The court of appeal held that plaintiffs’ inverse condemnation and damages claims based on dredging in the bay adjacent to their properties was barred under the doctrine of res judicata based on a 1931 judgment conclusively establishing that the property alleged to have been taken or damaged was not owned by plaintiffs. SLPR, LLC v. San Diego Unified Port District, No. D074958 (4th Dist., May 22, 2020).

Plaintiffs, a group of Coronado property owners, brought a quiet title and inverse condemnation action against the State of California and the Port contending that dredging in the San Diego Bay from 1998 to 2005 had damaged and taken portions of their bayfront properties without just compensation.

The appellate court found that a 1931 judgment resolving a title dispute between plaintiffs’ and defendants’ predecessors-in-interest established the boundaries between their respective properties, and that the property plaintiffs claimed had been taken or damaged was not within plaintiff’s ownership. Evidence admitted at trial showed that there had been both artificial improvements and artificial fill placed in the immediate vicinity of plaintiffs’ properties over many years and that a dispute had arisen between the parties’ predecessors as to the correct property boundaries. This litigation was resolved by a settlement and stipulated judgment fixing the boundaries between the tidelands and uplands properties. This judgment, the court explained, was conclusive and binding on plaintiffs under the doctrine of res judicata, under which parties are barred from relitigating claims previously resolved by a judgment in litigation between the same parties or their predecessors-in-interest.

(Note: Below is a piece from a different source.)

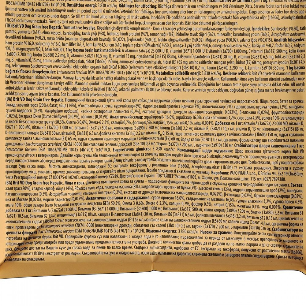 Дієтичний повнораціонний сухий корм для собак з низьким вмістом міді і білка для підтримки функції печінки при печінковій недостатності.Показання до застосування:Печінкова недостатність і пошкодження печінкиПортосистемного шунт (PSS)печінкова енцефалопатіяОдужання після інтоксикаціїПереваги:Беззернова рецептура – з низьким глікемічним індексомПомірний вміст білка тварин 16%Насіння розторопші – джерело силімарину, підтримка і регенерація клітин печінкиЯйце / гідролізований білок індички – легкопереваримой джерела білкаНизький вміст міді / високий вміст цинку – обмежує накопичення міді в тканинах печінкиЖирність 16% – більше енергії (3850 ккал / кг) в меншій кількості їжіАнтиоксиданти A, C, EЖовтий горох / гречка / солодка картопля (батат) – без глютену, з високою перевариваемостьюКелп (Ascophyllum nodosum) – природне джерело йоду, калію, сильний антиоксидант і регулятор обміну речовин, джерело Пребіотичний волокна для балансу мікрофлори кишечникаОбліпиха – антиоксидантні властивості, імунна стимуляція, протизапальну дію, ранозагоювальну діюСпосіб використання:Початковий період годування:Використовуйте Brit VD Hepatics Dog протягом 6 місяців. Щоденну кількість корму слід розділити на декілька рівних порцій і давати протягом дня. Не годуйте собаку жодним іншим кормом для тварин або харчовими продуктами для людини і закусками. У випадку хронічної печінкової недостатності корм слід використовувати протягом усього життя.Склад:жовтий горох (20%), батат, яйця (14%), м’якоть яблука, гречка, курячий жир (8%), гідролізований протеїн з індички (7%), жир лосося (2%), гідролізована куряча печінка (2%), мінерали, сушені водорості (0,5%, Ascophyllum nodosum), насіння розторопши плямистої (0,2%), екстракт дріжджів (джерело маннан-олігосахаридів, 0,022%), β-глюкани (0,02%), фрукто-олігосахариди (0,02%), юка (Mojave yucca) (0,02%), обліпиха (0,015%).Поживні речовини:сирий протеїн 16,0%, сирий жир 16,0%, сира клітковина 3,2%, сира зола 4,5%, волога 10%, загалом цукрів (в якості безазотного екстракту) 50,3%, Омега-3 0,6%, Омега-6 2,3%, кальцій 0,7%, фосфор 0,5%, натрій 0,15%, магній 0,1%, мідь 0,001%.Харчові добавки на 1 кг:вітамін A (3a672a) 23 000 MO, вітамін D3 (E671) 1 000 MO, вітамін E (3a700) 1 000 мг, вітамін C (3a312) 500 мг, холінхлорид (3a890) 2 200 мг, біотин (3a880) 2,2 мг, вітамін B1 (3a821) 10,5 мг, вітамін B2 13 мг, нікотинамід (3a315) 88 мг, D-пантотенат кальцію (3a841) 30 мг, вітамін B6 (3a831) 6,5 мг, фолієва кислота (3a316) 2,2 мг, вітамін B12 0,15 мг, гідрат хелатного комплексу цинку з амінокислотами (3b606) 150 мг, гідрат хелатного комплексу заліза з амінокислотами (E1) 65 мг, гідрат хелатного комплексу марганцю з амінокислотами (E5) 60 мг, йодид калію (3b201) 4,5 мг, органічна форма селену, що виробляється пивними дріжджами (Saccharomyces cerevisiae) CNCM I-3060 (інактивовані селенові дріжджі) (3b8.10) 0,2 мг, таурин (3a370) 2 200 мг, L-карнітин (3a910) 330 мг. Стабілізатори флори кишківника на 1 кг: Enterococcus faecium DSM 10663/NCIMB 10415 (4b1707) 1×109 КСО.Енергетична цінність:3 830 ккал/кгВага собакиДобова норма2 кг35 г5 кг80 г10 кг130 г15 кг180 г20 кг220 г25 кг260 г30 кг300 г40 кг390 г50 кг480 г60 кг550 г70 кг610 г80 кг680 г

Plaintiffs argued that for res judicata to apply, defendants were required to present “unequivocal evidence” of the mutual intention to determine the boundary. The court disagreed with plaintiffs’ asserted burden of proof, but nonetheless found that the “overwhelming” evidence presented demonstrated unambiguous intent to establish the boundaries. This included not only the record in the 1931 action itself but also extrinsic evidence showing that, following entry of judgment, temporary wood stake boundary markers had been replaced with concrete monuments, reflecting a “permanent fixed line” between tidelands and uplands property.